Eugene Volokh wrote about the case over at the Washington Post today and considers the First Amendment implications. There is an implicit component of gender politics in Soell demanding not be referred to as either male or female, because Soell complains that language is not "inclusive" enough. If the government requires workers and employers to refer to Soell as "they," doesn't it potentially follow that they are being forced to carry forward an ideological message? Volokh argues:
[T]rying to force people to endorse a particular view on these questions by requiring them to use this highly conspicuous, nonstandard usage, I think, violates basic First Amendment principles. Drivers, the Supreme Court held in Wooley v. Maynard (1978), are entitled not to display "Live Free or Die" on their license plates — not to be "in effect require[d] … [to] use their private property as a 'mobile billboard' for the State's ideological message." They would likewise be free not to display "Language Should Be More Inclusive." And they should be free not to use words that "set[] off grammar alarms" that signal such an ideological message.
When it comes to the government acting as employer, dictating what employees may say at work, the First Amendment question necessarily becomes more complicated. Perhaps a government employer might be able to require employees on the job to use "they" or "ze" or "thee" or "dude" or "human" or "comrade" or whatever a co-worker prefers.
But Soell's complaint alleged that failure to use the terms was "harassment" and discrimination, which is forbidden in privately owned workplaces as well as governmental ones.
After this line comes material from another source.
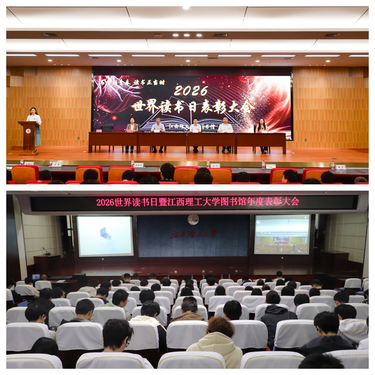在三江和南昌两校区同步举行2026年世界读书日暨“阅读之星”表彰大会。副校长汪航,校党委常委、宣传部长汪锋锁出席大会,图书馆、党委学生工作部、校团委、南昌校区管委会及相关学院负责人参加大会。会议由图书馆副馆长李轶主持。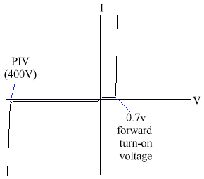 Note also that the diode has a peak inverse voltage - There is normally no current flowing through a diode in reverse.

The New York City guidance likewise applies to such privately owned workplaces. And when the government is acting as sovereign, telling us what we must or must not say on pain of coercively imposed legal liability, the First Amendment is at full force. That force, I think, should preclude government commands that we start using new words — or radical grammatical modifications of old, familiar words — that convey government-favored messages about gender identity or anything else.
If nothing else, this is a good reason it's a problem for the Department of Justice to stomp in and start ordering schools to treat transgender students in any one particular way. I suspect that even as culture grows more and more friendly toward transgender acceptance, this kind of mandated pronoun policing is going to prove to be untenable.
It will be a lawsuit generator, certainly. The Oregonian notes that part of the settlement was to pay Soell's out-of-pocket costs for the cancer treatment, allegedly because Soell's health insurance rejected it because Soell is transgender. That doesn't make a whole lot of sense, unless Soell decided on a double mastectomy to treat the cancer, but one wasn't truly medically necessary.
As we've seen, though, previously in the case of the gay couple who sought punishment against bakers who declined to make them a wedding cake, the way our justice systems approach "damages" heavily encourages massive exaggerations about the harms done in order to increase the size of settlements (one woman in that couple said being declined as a customer "made her feel as if God made a mistake when He made her"). That the use of a wrong pronoun could possibly set off a legal bomb is going to be a serious problem.